REQUIRED WORK>
With the exception of the pictures, transcribe the entire listing exactly.
*** Opening DATASET EXCERPT ***
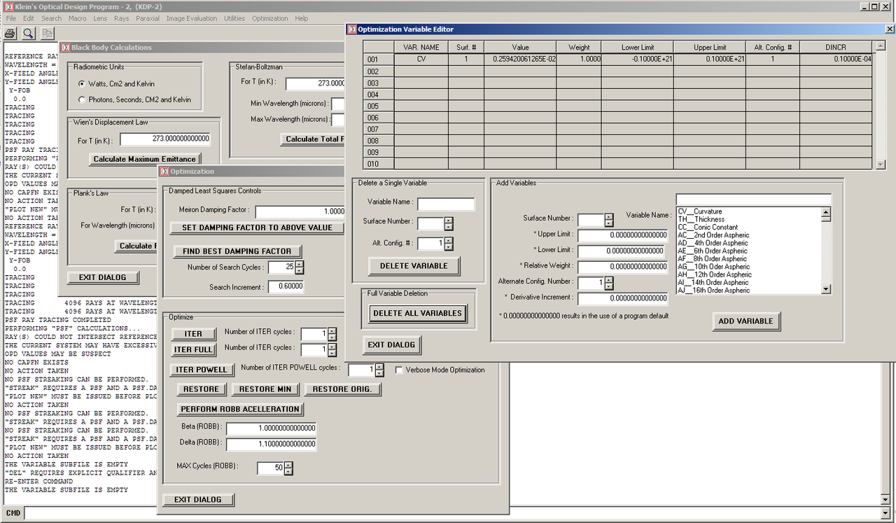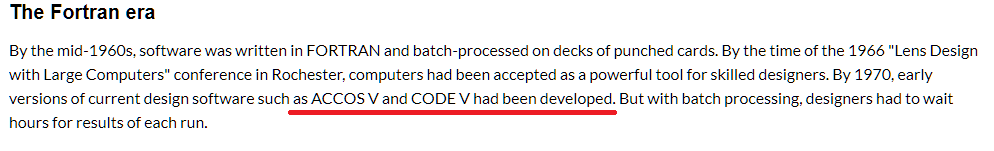 Advanced Member | Редактировать | Профиль | Сообщение | Цитировать | Сообщить модератору Aegis_I Цитата: Хих. Там не только разработчик не доступен, но и сама программа - HTTP 404.) Полагаю, что под термином "аберрационный анализ" там скрываются аберрации третьего порядка, хотя могу ошибаться. Впрочем, этого уже не узнать. ) Цитата: По скринам как-то подозрительно похожа на переделанный Земакс. ) Если загрузить буклет, то в конце есть таблица со сравнением LITE/PRO-версий. Lite-версия куцая. Точно Земакс перепаханный. Не то, короче.) А, вообще, если инструкция меньше нескольких сот страниц, то прога явно не может быть крутой. Скачайте инструкцию KDP-2 по ссылке, которую я привёл выше: https://yadi.sk/i/hXMAXZyXs8bYPw Сейчас будет суперприкол!!! Я смотрел инструкцию и дошёл до страницы 230. Увидел я там вот что - ЧИСТОСЕРДЕЧНОЕ ПРИЗНАНИЕ старого оптика! Это я сам подчеркнул красным. А в свою очередь программа HEXAGON как раз и была каким-то вариантом ACCOS-V, которым пользовались в Hughes Aircraft и Raytheon, причём она имела какие-то преимущества перед CODE-V. С сайта программы http://www.ecalculations.com/ Вот и получается, что KDP-2 является не прямым, но наследником ACCOS-V. Я до этого привёл ссылку на обзор развития оптических программ. Если кто её прочитал, то там как раз одновременно упоминаются ACCOS-V и CODE-V. https://www.laserfocusworld.com/articles/print/volume-51/issue-12/features/photonic-frontiers-optical-design-software-looking-back-looking-forward-the-growing-power-of-software-drives-photonic-innovation.html Так что, если говорить про абсолютно бесплатные нормальные программы, то это только KDP-2. (с долей иронии) Только кому она теперь такая нужна... Теперь всем графоний подавай. ) Я сделал скриншот программы. Если кто хочет посмотреть. В Земакс тоже бы было неплохо "Black body calculations" куда-нибудь запихать. | Всего записей: 1098 | Зарегистр. 05-05-2009 | Отправлено: 15:04 19-03-2019 | Исправлено: VECTORRR, 16:44 19-03-2019 |
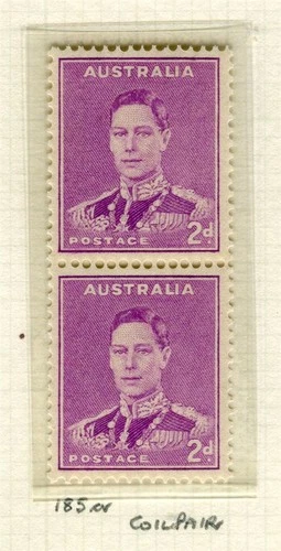 AUSTRALIA; 1938-51 early GVI issue MINT MNH Unmounted 2d. COIL Pair as SG 185a
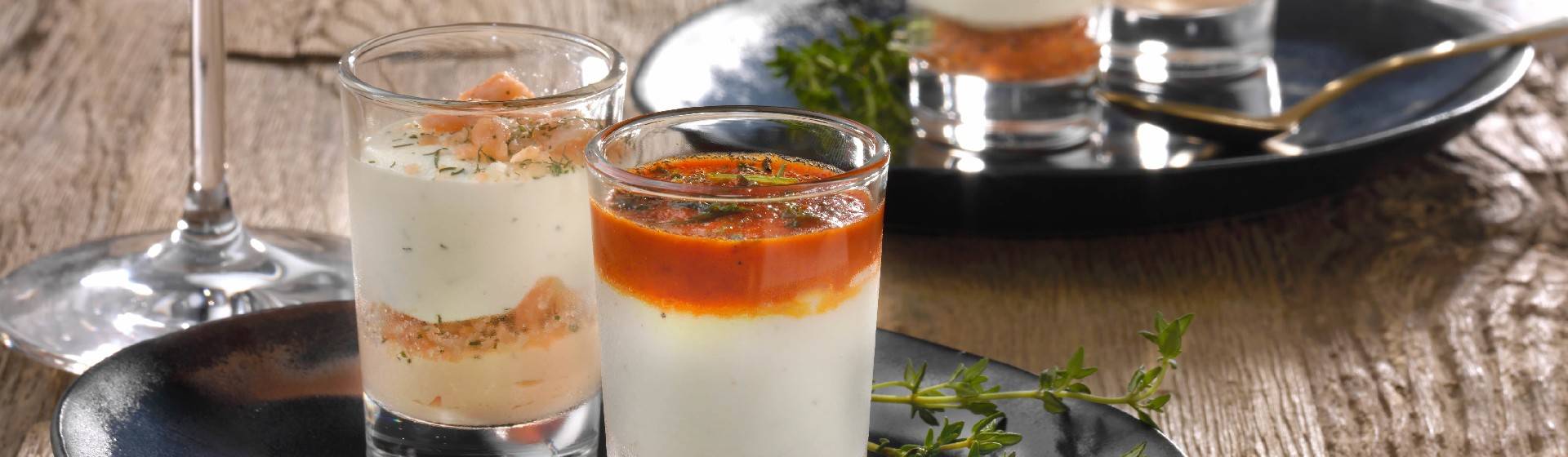 Zalmtartaar met dillecrème & geitenkaas met tomaten confit.
*** Closing DATASET EXCERPT ***
TASK ANSWER>
 Advanced Member | Редактировать | Профиль | Сообщение | Цитировать | Сообщить модератору Aegis_I Цитата: Хих. Там не только разработчик не доступен, но и сама программа - HTTP 404.) Полагаю, что под термином "аберрационный анализ" там скрываются аберрации третьего порядка, хотя могу ошибаться. Впрочем, этого уже не узнать. ) Цитата: По скринам как-то подозрительно похожа на переделанный Земакс. ) Если загрузить буклет, то в конце есть таблица со сравнением LITE/PRO-версий. Lite-версия куцая. Точно Земакс перепаханный. Не то, короче.) А, вообще, если инструкция меньше нескольких сот страниц, то прога явно не может быть крутой. Скачайте инструкцию KDP-2 по ссылке, которую я привёл выше: https://yadi.sk/i/hXMAXZyXs8bYPw Сейчас будет суперприкол!!! Я смотрел инструкцию и дошёл до страницы 230. Увидел я там вот что - ЧИСТОСЕРДЕЧНОЕ ПРИЗНАНИЕ старого оптика! Это я сам подчеркнул красным. А в свою очередь программа HEXAGON как раз и была каким-то вариантом ACCOS-V, которым пользовались в Hughes Aircraft и Raytheon, причём она имела какие-то преимущества перед CODE-V. С сайта программы http://www.ecalculations.com/ Вот и получается, что KDP-2 является не прямым, но наследником ACCOS-V. Я до этого привёл ссылку на обзор развития оптических программ. Если кто её прочитал, то там как раз одновременно упоминаются ACCOS-V и CODE-V. https://www.laserfocusworld.com/articles/print/volume-51/issue-12/features/photonic-frontiers-optical-design-software-looking-back-looking-forward-the-growing-power-of-software-drives-photonic-innovation.html Так что, если говорить про абсолютно бесплатные нормальные программы, то это только KDP-2. (с долей иронии) Только кому она теперь такая нужна... Теперь всем графоний подавай. ) Я сделал скриншот программы. Если кто хочет посмотреть. В Земакс тоже бы было неплохо "Black body calculations" куда-нибудь запихать. | Всего записей: 1098 | Зарегистр. 05-05-2009 | Отправлено: 15:04 19-03-2019 | Исправлено: VECTORRR, 16:44 19-03-2019 |
 AUSTRALIA; 1938-51 early GVI issue MINT MNH Unmounted 2d. COIL Pair as SG 185a
 Zalmtartaar met dillecrème & geitenkaas met tomaten confit.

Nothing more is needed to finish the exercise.